I might, of course, be wrong in all my assumptions - but I don't think I am. I've been doing my reading, been doing my research. I highly recommend reading Professor Jem Bendell's papers on climate change and what we can do and how we can adapt - see here and here - as well as J.A. Screen and C. Deser's paper on the emergence of an ice-free arctic ocean as early as 2030 here.
We think things are bad now - we can´t even begin to imagine how bad they'll be soon enough. As these papers so grimly state, cascading effects of widespread and repeated harvest failures will cause famine on a global level. Not very far from now, there'll be such a scarcity of resources available which will mean that there'll be lines and lines of people waiting to be fed a few morsels. There'll be looting and there'll be killings and there'll be people dying of hunger in untold numbers. Truth be told? All of this is already happening in parts of the world - perhaps in more parts than we care to admit.

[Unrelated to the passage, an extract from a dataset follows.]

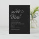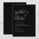 Spara datum-kort (Svart med vit text): Detta moderna och eleganta bröllop spara datum-kort har en snygg svart bakgrund med enkel vit text och ett charmigt handritat hjärta. Dess minimalistiska design utstrålar sofistikation, vilket gör det till det perfekta sättet att tillkännage din speciella dag med stil och grace. Perfekt för par som söker en raffinerad och tidlös touch för deras bröllopsbrevpapper.

Why does this all happen? Well, ultimately... because of us. We think that the Gretas and the Extinction/Rebellion movements can save us. No. No, they can't. Theirs is a false call to arms, theirs is the path that enables our demise.

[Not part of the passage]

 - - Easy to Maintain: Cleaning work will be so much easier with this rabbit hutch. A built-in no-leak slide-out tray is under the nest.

Why? Because their idea of revolution is getting politicians and corporations to enforce stricter laws and to legislate more expensive fines for those who profit from human misery. Their idea of revolution is protests. Somewhere in the world there is a room with many many screens where these captains of industry and bankers and generals are watching these protests, sipping from whiskeys that are more expensive than the minimum wage, puffing on their cuban cigars, and laughing their asses off because while they make a buck from our suffering, all we can do is protest how unfair everything is. Sigh. We really do play into their hands, don't we?

I wish I could see any glimmer of hope. I really do. Because if we acted now, right now, we could still make a difference. But we won't... we don't want to. We're all of us keyboard warriors and slacktivists, enablers of human exploitation. Things are going to get bad soon. Much worse than we can imagine. And none of us will survive this because we chose to comply and obey and be subject to the whims of tyrants.
We'd have to do this together - all of us, together - to get to the point where we may survive. But we won't. Some of us, individually may choose to retire from society altogether in order to spend what time we have left trying to make as a clean a living as we can. An admirable pursuit, to be sure, and one that might even be in the cards for me. Somewhere there might yet be a place untainted or abandoned to which I could retire to. It'll all be far too little, and far too late. Because we could all have a finer world.
I can only wish that you stay safe, and stay strong.
As for me.. well. I'll be healing myself, and taking care of my health, and in the meantime I'll be doing some regular posts about music and whatever else might cross my mind.
Down we go together, my friends. Down we go.